Ещё немного… Чуть поднапрячься… Проникнуть в созданную ими мнимую страну. И писать свободно, не думая о редакторах и продюсерах. Заряжать текст эмоционально. Чтобы их, заказчиков, хозяев жизни, тоже торкнуло…

…После его интервью на ТВ, где он так трогательно объявил на всю страну о своём одиночестве, об отсутствии женской заботы и теплоты в его доме, сердца сотен россиянок воспылали сочувствием, и почтальонка приносила чуть не каждый день пачки писем с цветными и чёрно-белыми фотками доброхоток.

Маша, Эмма, Наташа, Вера… Все подписаны. И почти на всех сверху на обратной стороне фотки – «Пришли денег на билет».

Регина не просила денег на билет. Писала, что обеспечена, но одинока. Хочет помочь.

С фото на Платона смотрела женщина на исходе пятого десятка с высокой причёской и властными глазами, a la Екатерина Вторая.

Вскоре Платон получил телеграмму – «Встречай. Регина». Указывался номер поезда, вагон и время прибытия.

Платон вложил фотографию в корочку паспорта и спрятал документы в нагрудный карман куртки.


– Пап, ты на чём поедешь? – спросил Ваня.

– На лошади, – ответил Платон.

– Давай лучше на нашем автобусе, – предложил Махмудка. – А то она подумает, что мы бедные.

– Дорога плохая, сынок… Не проехать на автобусе.

– Можно я с тобой? – попросился Махмудка.

– Я тоже хочу, – сказал Ваня.

– И я хочу, – присоединила свою просьбу Ксюша.

– И я, – прошептала Гюля.

– Ребята, лучше мне поехать одному, – сказал Платон. – Вас так много, что она испугается… и убежит…

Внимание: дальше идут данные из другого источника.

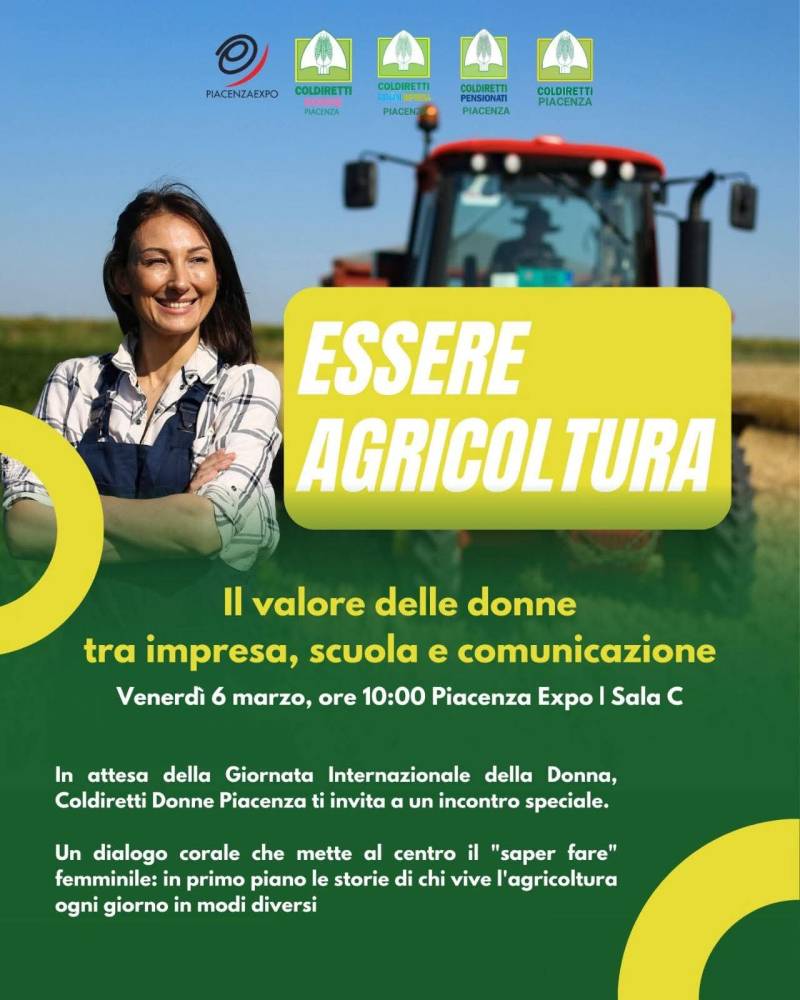 Il momento clou del palinsesto istituzionale di Coldiretti Piacenza si terrà venerdì 6 marzo, alle 10:00, nella Sala C di Piacenza Expo. In attesa della Giornata Internazionale della Donna, Coldiretti Donne Piacenza propone l’incontro: “Essere Agricoltura: Il valore delle donne tra impresa, scuola e comunicazione”. Si tratterà di un dialogo corale volto a mettere al centro il “saper fare” femminile, raccontando le storie di chi vive l’agricoltura ogni giorno in modi diversi: dall’innovazione imprenditoriale all’impegno educativo nelle scuole, fino alle nuove frontiere della comunicazione rurale.
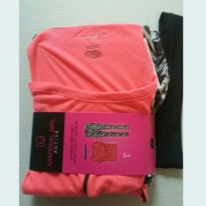 Super cute and fun for working out or just hanging out! Set includes scoop neckline t-shirt, printed leggings and a headband. Material polyester/spandex.
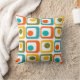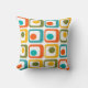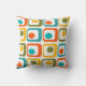 This throw pillow has a mid-century modern design of four rounded rectangles in four rows with ovals inside them in orange, yellow, green, and turquoise.
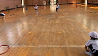 日も高く、気温がぐんぐん上がっていますので、水分補給に気を付けながら講堂で体育をしました。
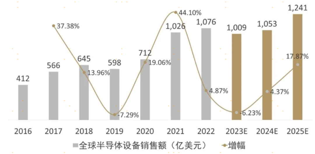 SEMI预测2023年全球半导体设备销售额将从2022年创纪录的1076亿美元降至1009亿美元,减少6.23%,在2024年、2025年或将复苏至1053、1241亿美元。SEMI总裁兼首席执行官表示:“半导体设备市场在经历了2023年的调整之后,预计2024年将出现强劲反弹。由高性能计算和无处不在的连接驱动的长期强劲增长预测保持不变。”
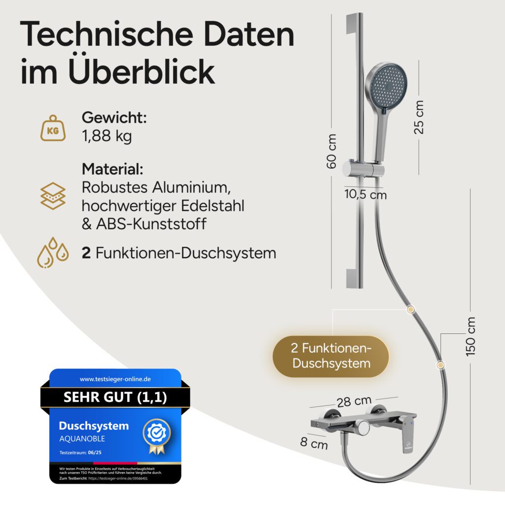 Das Duschsystem der Marke AQUANOBLE, das wir momentan intensiv testen, wird aktuell für 149,00€ auf dem Markt angeboten. Der Preis dieses Models beträgt somit weniger im Vergleich zu ähnlichen Produkten auf dem Markt, was es zu einer besonders attraktiven Option für preissensitive Verbraucher macht.
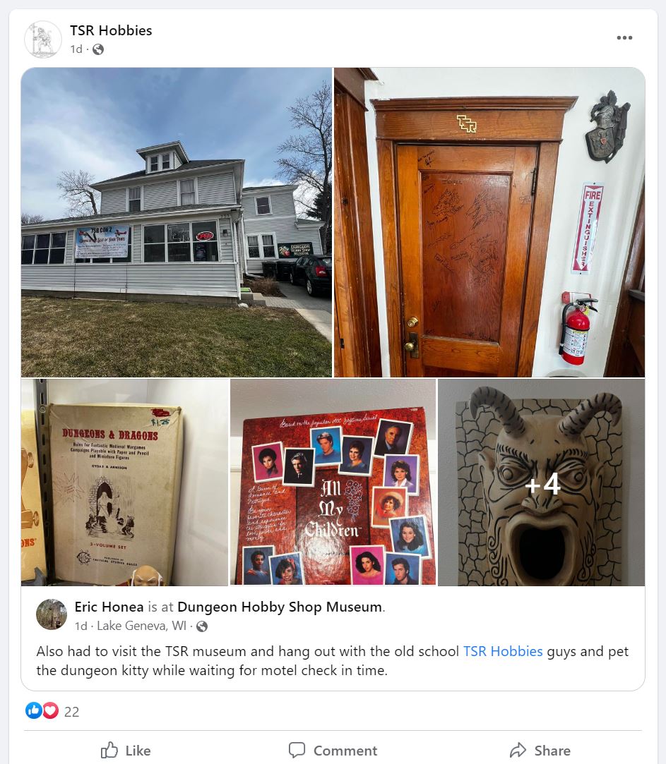 Also linked to TSR3 is the Dungeon Hobby Shop Museum in Lake Geneva, Wisconsin. Much of TSR3’s commercial business appears to be conducted via the museum.
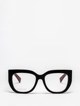 Acetate styles embellished by thick and geometric constructions. Oversize squared cat-eye. Flat GG interlocking logo on temple. Commercial yet cool color palette.

Дорогу действительно развезло. Только Мальвина и могла преодолеть эти хляби.


…Платон ждал на перроне.

Пришёл поезд. Такой же, как тот, что увёз Ульяну.

Высаживались пассажиры.

Платон наблюдал со стороны.

Сверялся с фотографией. На фотке была брюнетка. А из вагона выходили только блондинки. Тёмноволосых не было. Вышла рыжая, крашеная разорва. Вышла ещё одна – платиновая – со стариком. У них было три чемодана с иностранными наклейками, и местные жители помогли им выгрузиться на платформу.

Наконец вышла тёмненькая, с рюкзачком, в фуражке… Нет, слишком молода…

Платон искал глазами брюнетку в летах.

Дородная тётка. Седая. Нет, не она.

Не эта.

Не она…

Ушёл поезд.

На перроне остался Платон и платиновая блондинка лет тридцати пяти, с тремя чемоданами… Рядом с ней – старик с узнаваемым лицом популярного в советские годы актёра.

Женщина озабоченно оглядывалась.

Платон подошёл к ней.

– Вы кого-то ждёте? – спросил он.

– А вам-то что! – ответила женщина.

– Если вас не встретили, я могу подвезти, – не замечая грубости, предложил Платон.

Женщина вглядывалась в него.

– Это вы? – спросила она. – Платон?!

– А вы Регина?

– Да.

Она достала из сумочки фото, где он в камуфляже на фоне гор. Сравнивала.

– А я думала, что вы моложе.

– Разочарованы? – спросил Платон.

– Не очень, – ответила Регина.

Она принадлежала к тому подотряду блондинок, у которых есть всё, что надо женщине-блондинке, но отсутствует очарование лёгкости, глупости и простодушия этой породы женщин. Их расчётливость и деловая хватка отпугивают мужчин.

– Это я десять лет назад, – сказал Платон, рассматривая её, – на Кавказе…

– ВДВ? – спросила она.

– Так точно. – Он был польщён её проницательностью. – А вот вас я представлял старше… лет на двадцать, – сказал Платон, передавая ей фотокарточку.

– Это фотография моей мамы, – ответила она.

– Зачем вам такой камуфляж понадобился? – спросил он.

– Я боялась, что вы откажете мне из-за моей молодости…

– Ну и шуточки! – возмутился Платон. – Нельзя так разыгрывать пенсионера.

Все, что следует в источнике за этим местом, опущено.